Omit pictures and quote the listing below line by line, from its start through the line that holds "Black and white".

%%

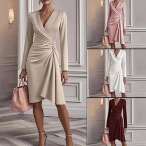 3 reviews for V Neck Folds Solid Color Slim-fit Long Sleeve V-pleated Design Dress Women’s Office Commuter A-line Midi Party Dresses Female Clothing
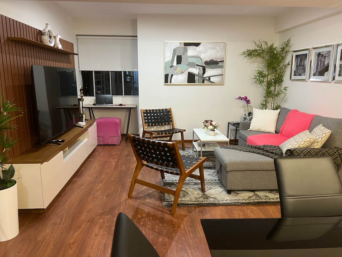 Excelente para larga estadía. Cocina completa, 2 baños con agua caliente contínua, gas natural, lavadora-secadora. Espacio con bastante iluminación natural de día y una iluminación regulable para noches de descanso. Además, tendrán 2 escritorios (1 en sala y 1 en dormitorio) para el home office Balcón con una vista impresionante de la costa de Lima durante tu estadía. Departamento entero para ti. A solo 25 minutos del aeropuerto en auto.
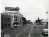 Black and white photographic print depicting a Walker & Co. billboard displaying an advertisement for the Shell Oil Co. that reads, "Stops Spark Plug 'Miss', Super Shell with TCP". In view is traffic on Grand River Avenue, facing northwest at 12th Street. Businesses include Troy Laundry & Cleaners, Abbot Auto Electric, Nazarene Church, Magnet Radiator Works, and a white box hamburger stand.
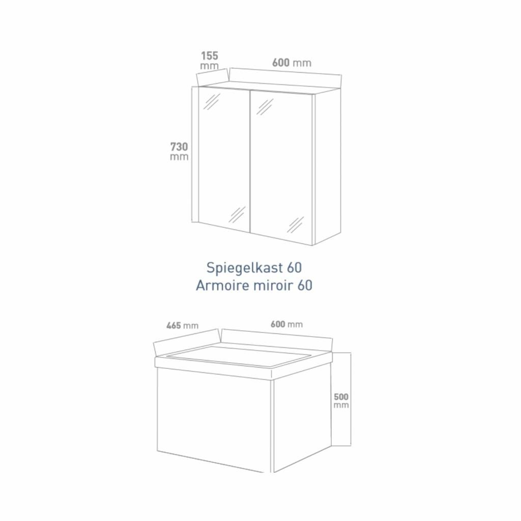De spiegelkast is ook gemaakt van melamine en afgewerkt met een hoogglans witte laklaag. De deuren hebben een enkelzijdige spiegel van 60x73x15.5cm. De mooie spiegelkast is voorzien van opbouw verlichting dat mooi naar beneden schijnt. Zo kunt u alles goed zien in de spiegel. Verlichting dat er bij zit is een IP44, LED lamp 6W.
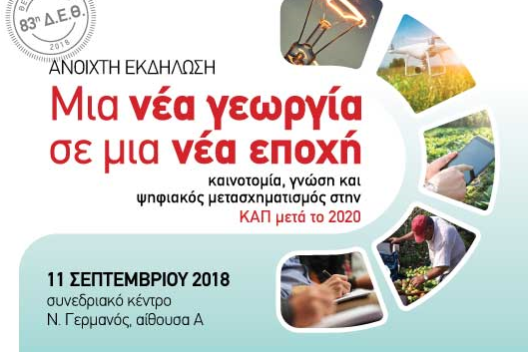 Η Ειδική Υπηρεσία Διαχείρισης του Προγράμματος Αγροτικής Ανάπτυξης σε συνεργασία με τη Διεύθυνση Αγροτικής Πολιτικής, Τεκμηρίωσης και Διεθνών Σχέσεων διοργανώνουν ανοιχτή εκδήλωση με τίτλο «Μια νέα γεωργία σε μια νέα εποχή: καινοτομία, γνώση και ψηφιακός μετασχηματισμός στην ΚΑΠ μετά το 2020» στο πλαίσιο της 83ης Διεθνούς Έκθεσης Θεσσαλονίκης.
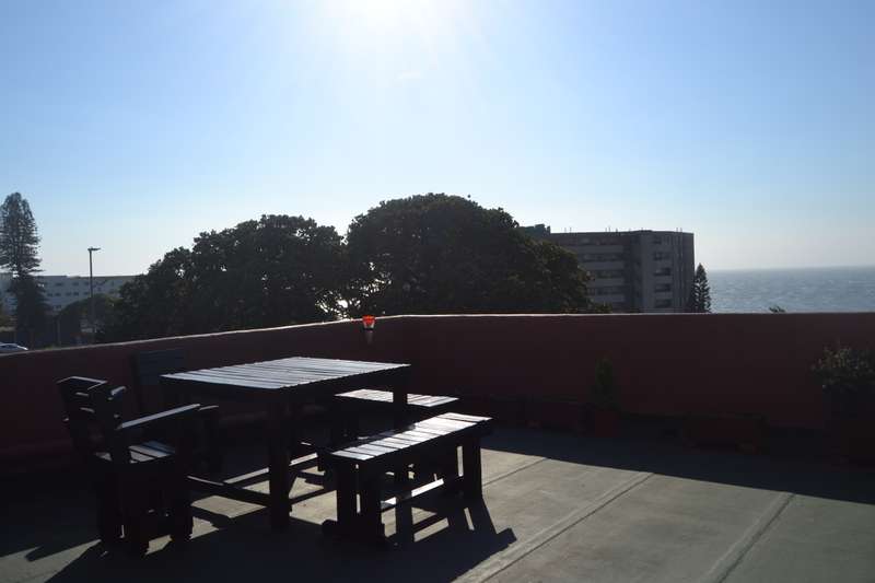 Scottburgh Centre is a well managed block of flats that is a stroll to the beach and the shops. You will rarely find a two bedroom, two bathroom flat over a 100sqm in Scotburgh. The flat offers you a carpeted lounge cum dining rooms, kitchen, two bedrooms with built-in cupboards and ceiling fans, main en-suite and a second bathroom. There is an air con in the main bedroom. There is a single lock-up garage. In the building there is a lift and communal braai areas. Prepaid electricity and water is included in the levy. The size of this flat is its crowning glory!
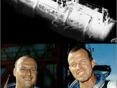 图像上部背景为海军的“海洋实验室-II”号,下为宇航员乔丹·库珀和皮特·康拉德...
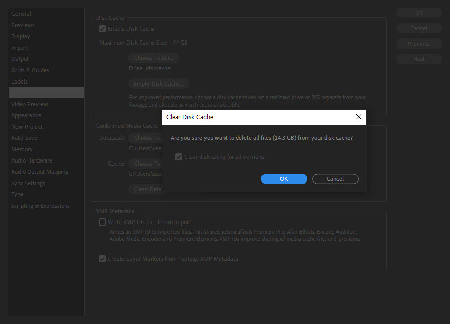 에프터이펙트(after effect)에서 디스크 캐시 삭제하기
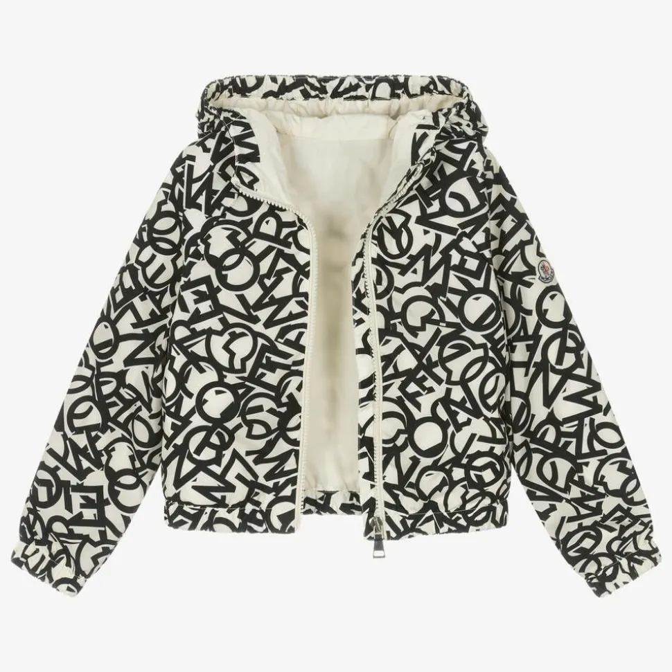 A black and ivory jacket for girls by luxury brand Moncler Enfant, with a bold logo pattern. Smooth and lightweight, this hooded jacket is fully lined for extra comfort and fastens with a branded zip on the front. The pockets hidden in the side seams fasten with poppers and there is an iconic patch on one sleeve for a signature finish.
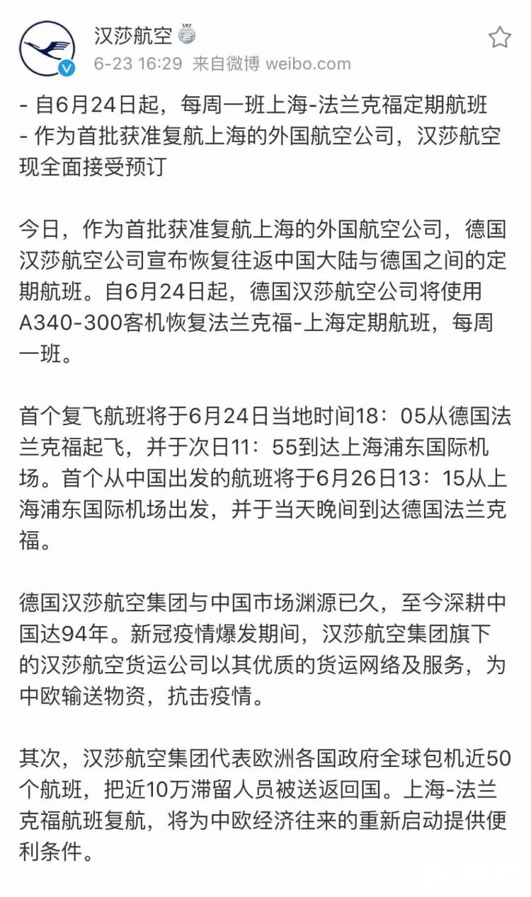 作为首批获准复航上海的本国航空公司,汉莎航空现片面接受预订

%%

*Solved problem*.
 3 reviews for V Neck Folds Solid Color Slim-fit Long Sleeve V-pleated Design Dress Women’s Office Commuter A-line Midi Party Dresses Female Clothing
 Excelente para larga estadía. Cocina completa, 2 baños con agua caliente contínua, gas natural, lavadora-secadora. Espacio con bastante iluminación natural de día y una iluminación regulable para noches de descanso. Además, tendrán 2 escritorios (1 en sala y 1 en dormitorio) para el home office Balcón con una vista impresionante de la costa de Lima durante tu estadía. Departamento entero para ti. A solo 25 minutos del aeropuerto en auto.
 Black and white photographic print depicting a Walker & Co. billboard displaying an advertisement for the Shell Oil Co. that reads, "Stops Spark Plug 'Miss', Super Shell with TCP". In view is traffic on Grand River Avenue, facing northwest at 12th Street. Businesses include Troy Laundry & Cleaners, Abbot Auto Electric, Nazarene Church, Magnet Radiator Works, and a white box hamburger stand.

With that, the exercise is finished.